'''

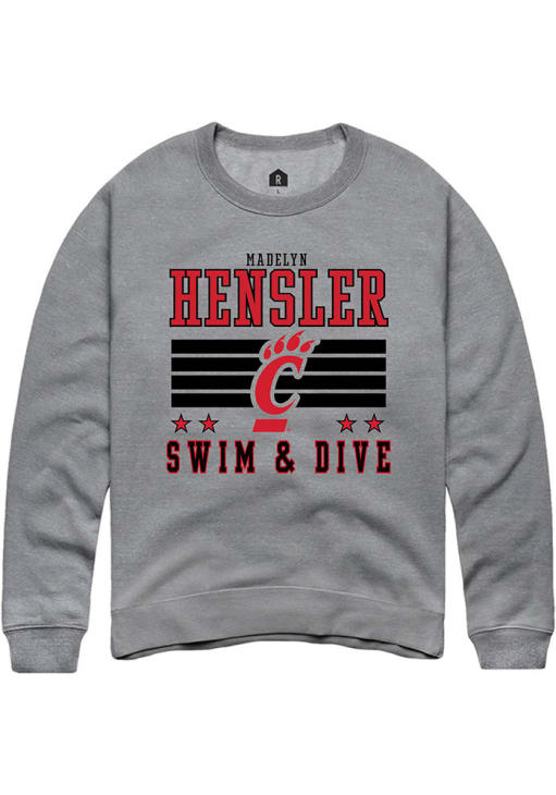 Madelyn Hensler Rally Mens Grey Cincinnati Bearcats NIL Striped Crew Sweatshirt
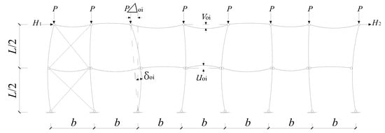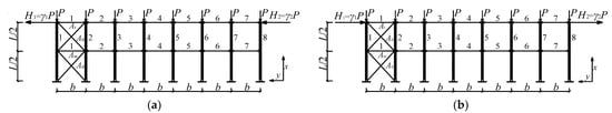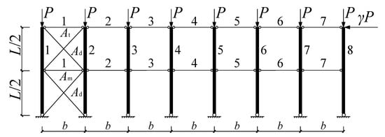 The role of braces has been well understood in practical engineering [1]. Bracing members in structural systems were divided into two categories according to the roles of braces: one resisting horizontal loads, including wind loads, earthquake loads, and crane loads, and the other providing intermediate lateral support to the member’s weak axis for enhancing its stability [2]. To reduce effective column lengths and resist longitudinal horizontal loads under vertical loads, the longitudinal bracing systems of column-braced systems of industrial plants are commonly composed of horizontal braces and diagonal braces. In practical engineering, the structure will bear vertical and horizontal loads, in which the horizontal load includes wind loads, earthquake loads, and crane loads besides providing support for structural stability. The design intermediate-height horizontal brace forces in column-braced systems under vertical loads have generally been investigated [3,4,5,6], but no important definitive research has been conducted on the design intermediate-height horizontal brace forces in column-braced systems under horizontal and vertical loads.
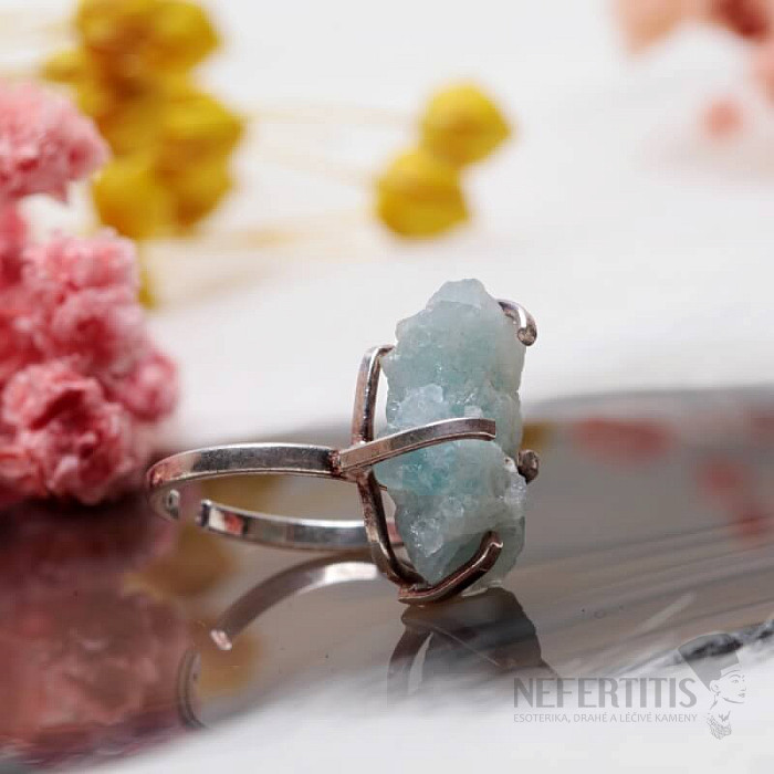 Entdecken Sie den Charme der Eleganz mit diesem versilberten Aquamarinring . Aquamarin ist ein Stein der Tiefsee und des klaren Himmels . Jeder Stein ist ein Unikat. Aquamarin gilt als Stein des Mutes, des Friedens und der wahren Kommunikation. Er beruhigt den Geist, hilft, Ängste abzubauen und unterstützt den Ausdruck innerer Gefühle mit Güte und Zuversicht. Er ist ein beliebter Talisman für alle, die Harmonie zwischen Herz und Stimme suchen. Material: Naturstein, versilbertes Messing. Sie erwerben das abgebildete Schmuckstück.
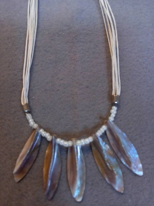 Dit bijoux is gemaakt van 5 stukken parelmoer schelp
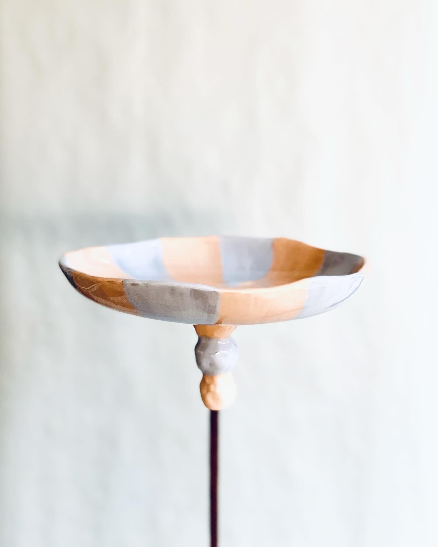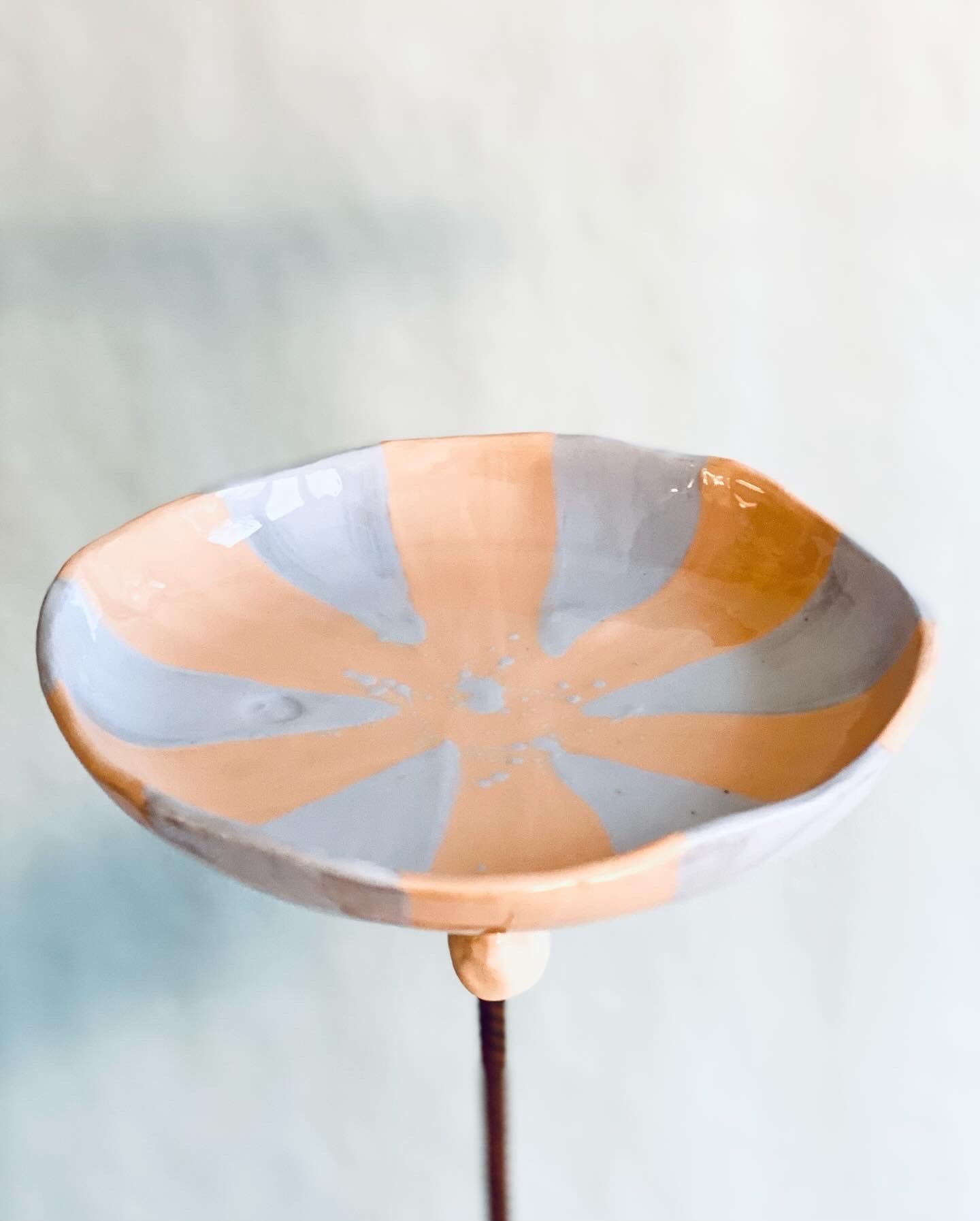 Regnfångare / fågelbad. Ljus orange / pastellblå

'''

Leaving out the pictures, reproduce the whole listing above exactly.

 Madelyn Hensler Rally Mens Grey Cincinnati Bearcats NIL Striped Crew Sweatshirt
 The role of braces has been well understood in practical engineering [1]. Bracing members in structural systems were divided into two categories according to the roles of braces: one resisting horizontal loads, including wind loads, earthquake loads, and crane loads, and the other providing intermediate lateral support to the member’s weak axis for enhancing its stability [2]. To reduce effective column lengths and resist longitudinal horizontal loads under vertical loads, the longitudinal bracing systems of column-braced systems of industrial plants are commonly composed of horizontal braces and diagonal braces. In practical engineering, the structure will bear vertical and horizontal loads, in which the horizontal load includes wind loads, earthquake loads, and crane loads besides providing support for structural stability. The design intermediate-height horizontal brace forces in column-braced systems under vertical loads have generally been investigated [3,4,5,6], but no important definitive research has been conducted on the design intermediate-height horizontal brace forces in column-braced systems under horizontal and vertical loads.
 Entdecken Sie den Charme der Eleganz mit diesem versilberten Aquamarinring . Aquamarin ist ein Stein der Tiefsee und des klaren Himmels . Jeder Stein ist ein Unikat. Aquamarin gilt als Stein des Mutes, des Friedens und der wahren Kommunikation. Er beruhigt den Geist, hilft, Ängste abzubauen und unterstützt den Ausdruck innerer Gefühle mit Güte und Zuversicht. Er ist ein beliebter Talisman für alle, die Harmonie zwischen Herz und Stimme suchen. Material: Naturstein, versilbertes Messing. Sie erwerben das abgebildete Schmuckstück.
 Dit bijoux is gemaakt van 5 stukken parelmoer schelp
 Regnfångare / fågelbad. Ljus orange / pastellblå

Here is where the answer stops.